Data items
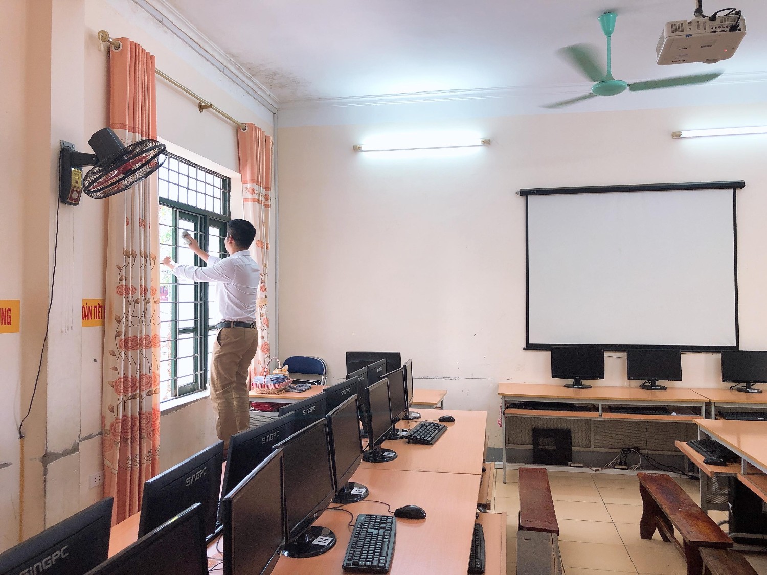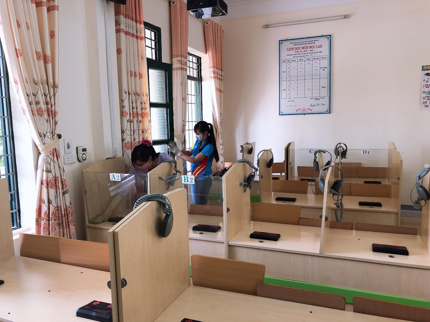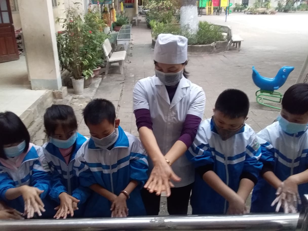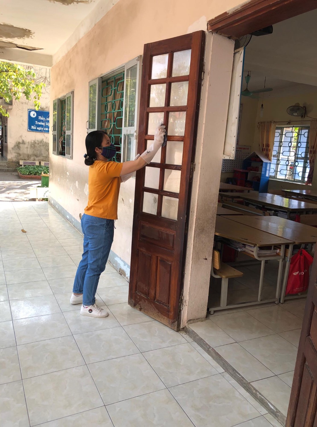 Thầy và trò trường TH Hà Nội - Điện Biên Phủ vệ sinh trường, lớp học phòng chống dịch bệnh Covid-19
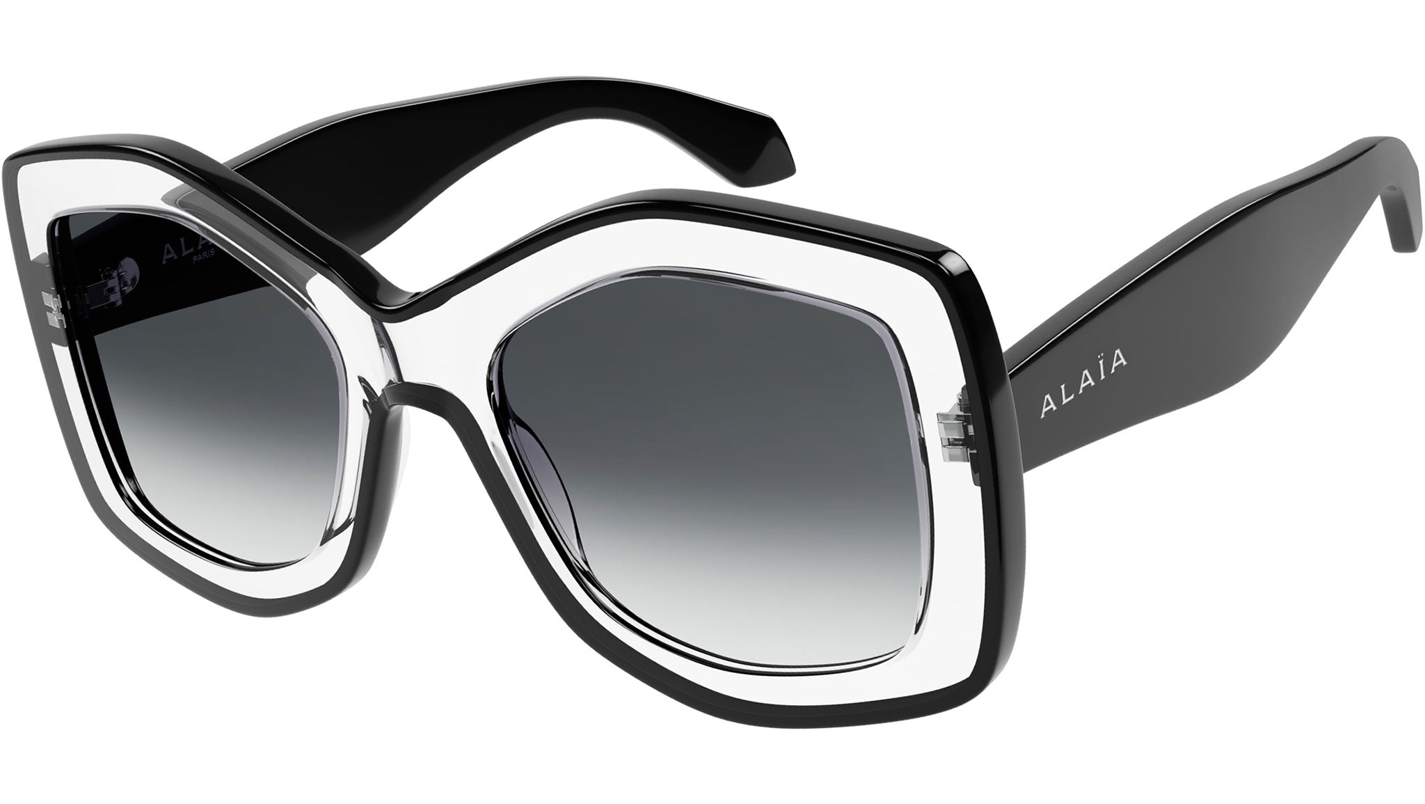 Occhiali da sole Azzedine Alaïa modello AA0066S variante colore 001 nero trasparente lucido con lenti color grigio sfumato.
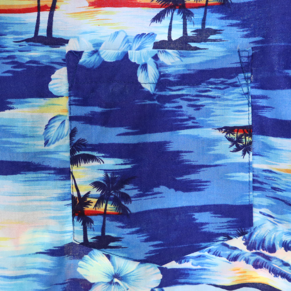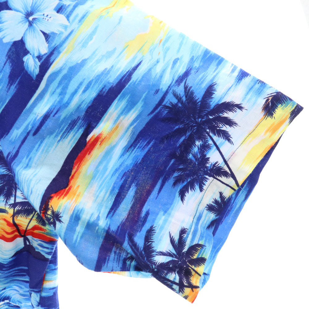 トロピカルエッセンス 90s USA製 オールド パームツリー柄 半袖 アロハシャツ 上下 セットアップ L ブルー Tropical Essence ショートパンツ ビーチウェア ハイビスカス メンズ
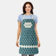 Custom Dark Teal Green Blue Ivory Trellis Pattern Apron
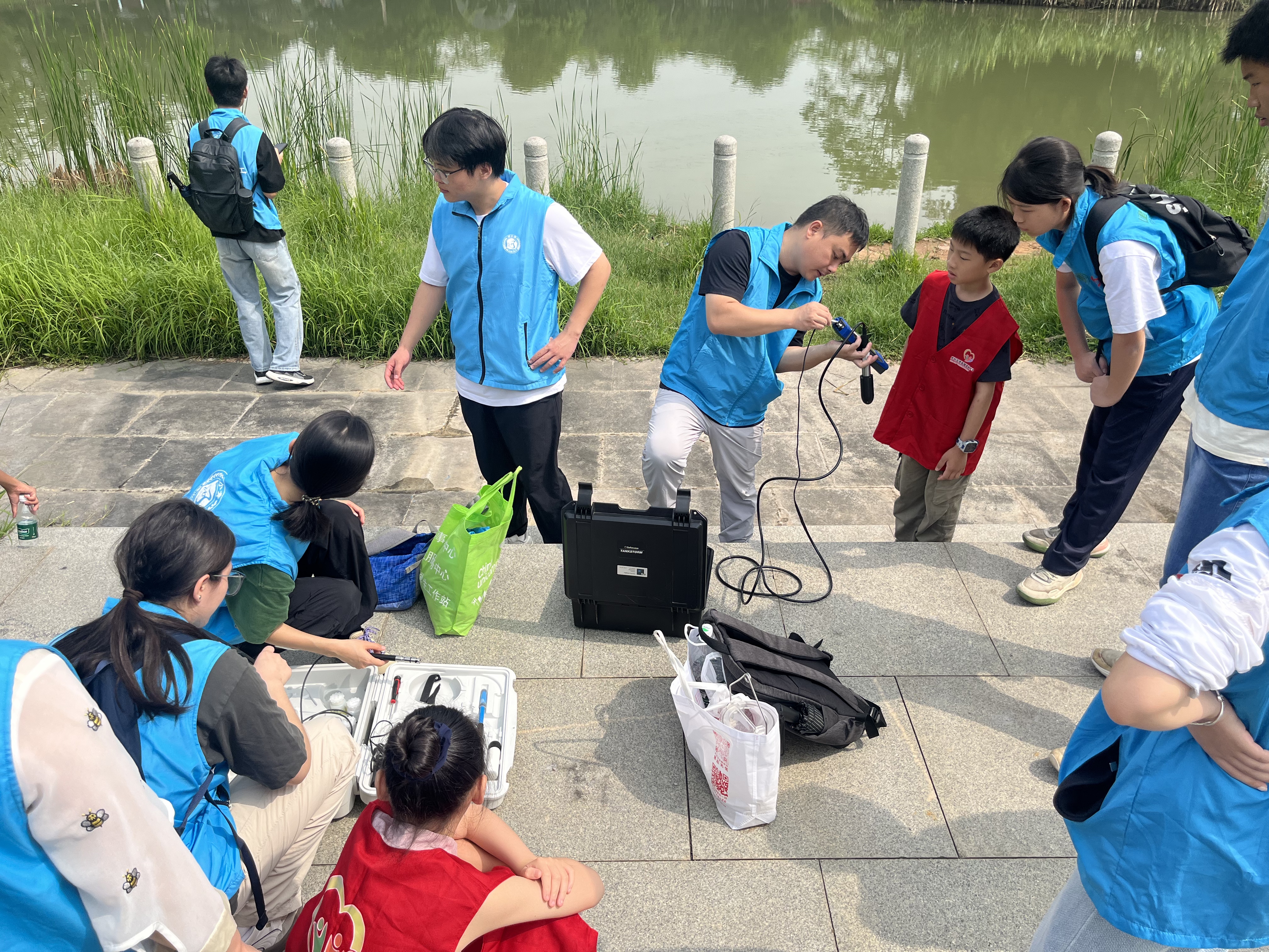 紧接着,志愿者们来到王借岗森林公园,化身“河流医生”开展巡河护河。佛山大学曾发明博士现场教学,带领志愿者在3个点位进行水体叶绿素含量检测,大学生志愿者手把手指导社区义工操作专业仪器。巡河途中,志愿者们还通过火山遗址的古老岩体,解锁地质演变与当地水系形成、营养状况等深层关联。
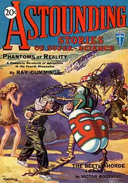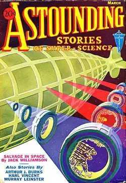Astounding was initially published by Publisher's Fiscal Corporation, a subsidiary of Clayton Magazines.[4][7][8] The first issue appeared in January 1930, with Bates as editor. Bates aimed for straightforward action-adventure stories, with scientific elements only present to provide minimal plausibility.[4] Clayton paid much better rates than Amazing and Wonder Stories—two cents a word on acceptance, rather than half a cent a word, on publication (or sometimes later)—and consequently Astounding attracted some of the better-known pulp writers, such as Murray Leinster, Victor Rousseau, and Jack Williamson.[3][4] In February 1931, the original name Astounding Stories of Super-Science was shortened to Astounding Stories.[9]
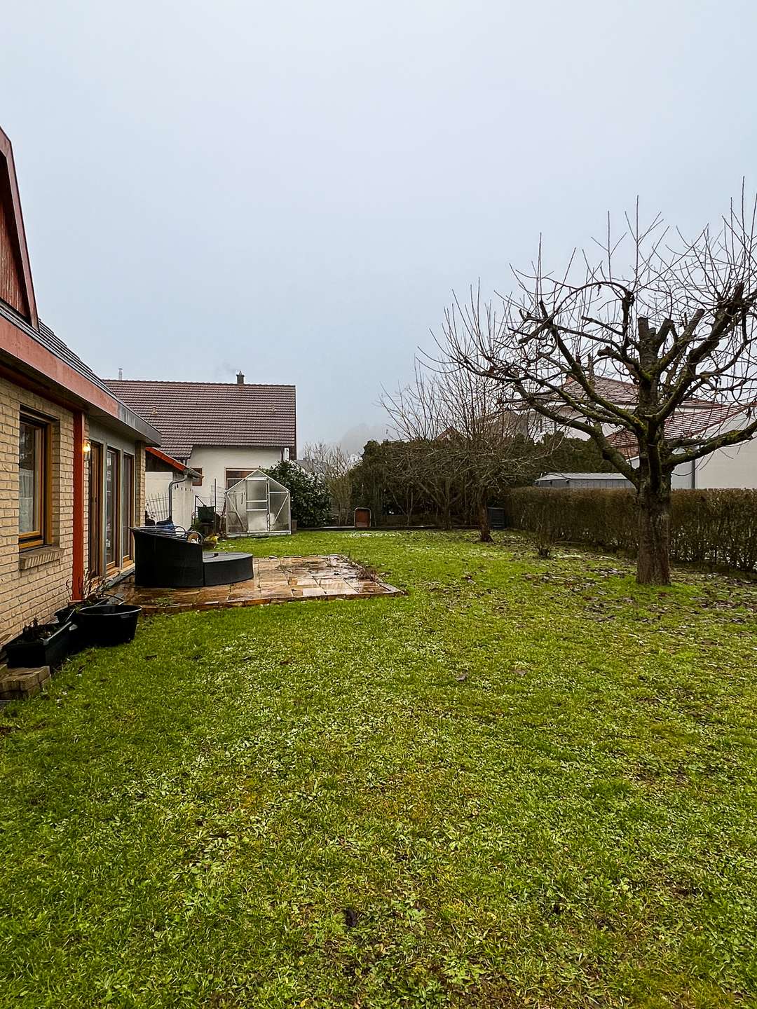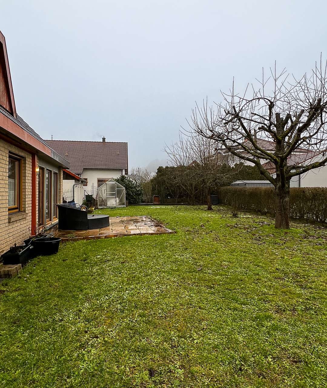 Der wunderschöne Garten umschließt das Haus auf drei Seiten und bietet neben Obstbäumen eine Hecke, die den Garten umschließt.
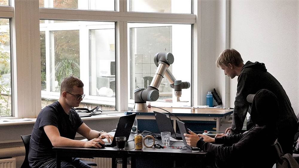 Am Robocup lösen vier Schüler/-innen aus vier verschiedenen Ländern vier Teilaufgaben. In der Roskilde Tekniske Skole montierten die Teilnehmenden das Greifwerkzeug an einem Roboterarm. Anschliessend wurde der Roboterarm so programmiert, dass er die Teile nach einem Muster sicher bewegt.

Task directions: For each record above, write out its text exactly and skip any picture.

Response to the task:
 Thầy và trò trường TH Hà Nội - Điện Biên Phủ vệ sinh trường, lớp học phòng chống dịch bệnh Covid-19
 Occhiali da sole Azzedine Alaïa modello AA0066S variante colore 001 nero trasparente lucido con lenti color grigio sfumato.
 トロピカルエッセンス 90s USA製 オールド パームツリー柄 半袖 アロハシャツ 上下 セットアップ L ブルー Tropical Essence ショートパンツ ビーチウェア ハイビスカス メンズ
 Custom Dark Teal Green Blue Ivory Trellis Pattern Apron
 紧接着,志愿者们来到王借岗森林公园,化身“河流医生”开展巡河护河。佛山大学曾发明博士现场教学,带领志愿者在3个点位进行水体叶绿素含量检测,大学生志愿者手把手指导社区义工操作专业仪器。巡河途中,志愿者们还通过火山遗址的古老岩体,解锁地质演变与当地水系形成、营养状况等深层关联。
Astounding was initially published by Publisher's Fiscal Corporation, a subsidiary of Clayton Magazines.[4][7][8] The first issue appeared in January 1930, with Bates as editor. Bates aimed for straightforward action-adventure stories, with scientific elements only present to provide minimal plausibility.[4] Clayton paid much better rates than Amazing and Wonder Stories—two cents a word on acceptance, rather than half a cent a word, on publication (or sometimes later)—and consequently Astounding attracted some of the better-known pulp writers, such as Murray Leinster, Victor Rousseau, and Jack Williamson.[3][4] In February 1931, the original name Astounding Stories of Super-Science was shortened to Astounding Stories.[9]
 Der wunderschöne Garten umschließt das Haus auf drei Seiten und bietet neben Obstbäumen eine Hecke, die den Garten umschließt.
 Am Robocup lösen vier Schüler/-innen aus vier verschiedenen Ländern vier Teilaufgaben. In der Roskilde Tekniske Skole montierten die Teilnehmenden das Greifwerkzeug an einem Roboterarm. Anschliessend wurde der Roboterarm so programmiert, dass er die Teile nach einem Muster sicher bewegt.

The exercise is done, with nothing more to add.